# Sestos Pid



## Kingbrownbrewing (3/1/13)

I know there has been a lot of mention about these in different threads, but I think now with so many people taking advantage of Nev's awesome and cheap HERMs system, that there should be a dedicated thread to this type of PID.

You can buy them on ebay for around $40 delivered.

They have about a million settings and the instructions are in Chingrish.

I believe that they are a good controller if programmed right, but contrary to what everyone previously has advised, the auto-tune is not the definitive word on them.
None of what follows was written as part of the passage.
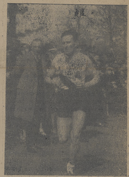
Najlepszy długodystansowiec Polski S. p. Kusociński Janusz

Organizacja zawodów szwankowała, zwłaszcza na odcinku informowania

Yes, I used auto tune to get it to keep my temp within 0.1 degree for my mash, which is exactly what I wanted, but if you want to do specific rests/ increase your ramp time for mashout etc, then some more things need to be adjusted.

I have a system that with a dodgy chinese STC was getting 1.5-2 degrees p/minute ramp time, and when I change only the PIDs the ramp time is lucky to be 0.5 degrees p/minute.

Has anyone else figured out how to speed up the ramp time?

I know it has something to do with output percentage and control type, but I cant figure out what these settings should be.

Please ask/ answer or just comment on these PIDs in this thread.


----------



## Edak (3/1/13)

any link for us to click for information on which model?


----------



## Kingbrownbrewing (3/1/13)

Here is the link to it:

it

Although I think they are all much of a muchness....

D1S-VR-220 is the one I have.

They are an auberins knock off.


----------



## QldKev (3/1/13)

Have you got 
Ctrl = 3
run = 1
ctl <= 4
CF = 2

Then ensure you are in AT mode

QldKev

edit: Also worth having a read of this post


----------



## dmac80 (3/1/13)

If they are similar to the auber instruments pid you may be able to program it to operate a relay output on a negative temperature deviation, and use the output relay to drive another relay (i'd doubt the alarm relay would be rated to 10 A) which would have contacts in parallel with the ssr and drive the element on till the temp deviation is eliminated. Then the PID will be able to take over from there.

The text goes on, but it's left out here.